There is room to argue that the numeric-arithmetic version would be
worth having on the grounds of greater precision or range, but it's a
big chunk of code and the public demand for the functionality has not
exactly been overwhelming.

Comments?
        regards, tom lane


Re: Do we need multiple forms of the SQL2003 statistics aggregates?

From
Tom Lane
Date:
I wrote:
> There is room to argue that the numeric-arithmetic version would be
> worth having on the grounds of greater precision or range, but it's a
> big chunk of code and the public demand for the functionality has not
> exactly been overwhelming.

> Comments?

Since no one's even bothered to respond, I take it there's insufficient
interest in the numeric versions of these aggregates.  I've committed
just the float8 versions.

I added some very trivial regression tests, which we'll have to keep an
eye on to see if they have any portability problems.  We may need to
back off the number of displayed fraction digits to get them to pass
everywhere.

If anyone wants to do better tests, feel free...
        regards, tom lane


Re: Do we need multiple forms of the SQL2003 statistics

From
"Sergey E. Koposov"
Date:
Tom, thank you for the reviewing/correcting/applying my patches...

On Fri, 28 Jul 2006, Tom Lane wrote:

> I wrote:
>> There is room to argue that the numeric-arithmetic version would be
>> worth having on the grounds of greater precision or range, but it's a
>> big chunk of code and the public demand for the functionality has not
>> exactly been overwhelming.
>
>> Comments?
>
> Since no one's even bothered to respond, I take it there's insufficient
> interest in the numeric versions of these aggregates.  I've committed
> just the float8 versions.


My opinion on that is 
1) I agree that really the float4 version are useless, because they don't
offer anything new... comparing to the float8 
2) But I think the numeric versions of these functions are not useless...
(if somebody have numeric columns... ) 
I don't think the 10-15 additional functions in pg_proc is too much. 
Concerning to the amount of code in numeric.c I think it is large, but not
complicated at all, so I don't think that it will be a problem to support
that code.

I think since we are supporting the numeric type as a special 
high-precision type, Postgres must have the high-precision 
versions of all computational functions.

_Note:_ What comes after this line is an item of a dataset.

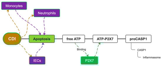 Pyroptosis of enterocytes is the primary mechanism of defense against CDI, but it also causes diarrhea and loss of integrity of tissues, thus, allowing other bacteria penetration into blood flow and sepsis. This excessive inflammatory response is largely sustained by the constant production of IL-1β. Pharmacological inactivation of IL-1β by Anakinra has been shown to reduce mucosal damage ex vivo []. Although the role of the pyrin inflammasome in the genesis of the inflammatory response to CDI seems predominant, it has been shown that the pathway of the ATP-P2X7 (adenosine triphosphate—purinergic receptor 2X7) complex, known as an activator of NLRP3, is essential for the inflammatory response itself. Inhibition of P2X7, in fact, completely turns off inflammation. The ATP-P2X7 complex is formed when intracellular ATP is released from enterocytes, neutrophils, and monocytes that have undergone various types of apoptosis. This substrate binds P2X7, forming a complex capable of immediately activating caspase-1 and inducing pyroptosis (Figure 5). P2X7 is also involved in cellular antibacterial defense mechanisms such as the formation of phagolysosomes in monocytes and the release of oxygen free radicals (ROS) []. CDI is the leading cause of antibiotic-associated diarrhea, currently representing a significant health burden. Although the role and contribution of C. difficile toxins to the pathogenesis of the disease is increasingly understood, other aspects of C. difficile–host interactions, particularly the effects of the bacterium on host immunity, are currently less well studied. Using an ex vivo infection model, it has been reported that the human gastrointestinal mucosa elicits a rapid and significant cytokine response to C. difficile: a marked increase in IFN-c with a modest increase in IL-22 and IL-17A. The significant increase in IL-8 suggested a potential influx of neutrophils, while the presence of IL-12, IL-23, IL-1β, and IL-6 suggested a cytokine environment able to modulate subsequent T-cell immunity []. C. difficile toxins A and B are certainly the major causes of pyrin inflammasome activation in neutrophils and monocytes; however, intestinal epithelial cells (IECs) are the primary target cells of C. difficile exotoxins. It is not yet known whether in vivo inflammasome signaling by pyrin affects the cytotoxicity of IECs induced by C. difficile or modulates the course of CDI pathophysiology. A study performed on primary organoid systems of IECs showed that C. difficile-induced cytotoxicity is completely mediated by its exotoxins and that pyrin inflammasome is not a necessary condition for IEC death. The death of IECs induced by TcdA and TcdB relies on caspase-3/7-mediated apoptosis via the intrinsic apoptotic pathway; however, blockade of caspase-8 death receptor-induced apoptosis and necroptotic signaling is not protective against cell death, as is the transgenic expression of the antiapoptotic protein Bcl-2 in intestinal organoids, this phenomenon suggests the existence of another mechanism of apoptosis []. It is currently unknown whether the cytotoxicity of IECs in the context of CDI is harmful or beneficial to the host []. In the knock-out mouse model for the caspase 3 and 7 genes, in IECs there is an increased susceptibility to CDI and a worse CDAC. Furthermore, the lack of pyrin expression in IECs protects these cells from pyroptosis upon exposure to C. difficile toxin and instead promotes apoptosis of IECs as the dominant mechanism of death during CDI in vivo. This evidence suggests that C. difficile-induced IEC apoptosis is an early host defense mechanism that contributes to bacterial restriction [].

Just my opinion.

>
> I added some very trivial regression tests, which we'll have to keep an
> eye on to see if they have any portability problems.  We may need to
> back off the number of displayed fraction digits to get them to pass
> everywhere.
>
> If anyone wants to do better tests, feel free...

I will try to write some better tests and send a patch.

Regards,    Sergey

*******************************************************************
Sergey E. Koposov
Max Planck Institute for Astronomy/Sternberg Astronomical Institute
Tel: +49-6221-528-349
Web: http://lnfm1.sai.msu.ru/~math
E-mail: math@sai.msu.ru


Re: Do we need multiple forms of the SQL2003 statistics

From
Peter Eisentraut
Date:
Sergey E. Koposov wrote:
> I think since we are supporting the numeric type as a special
> high-precision type, Postgres must have the high-precision
> versions of all computational functions. Just my opinion.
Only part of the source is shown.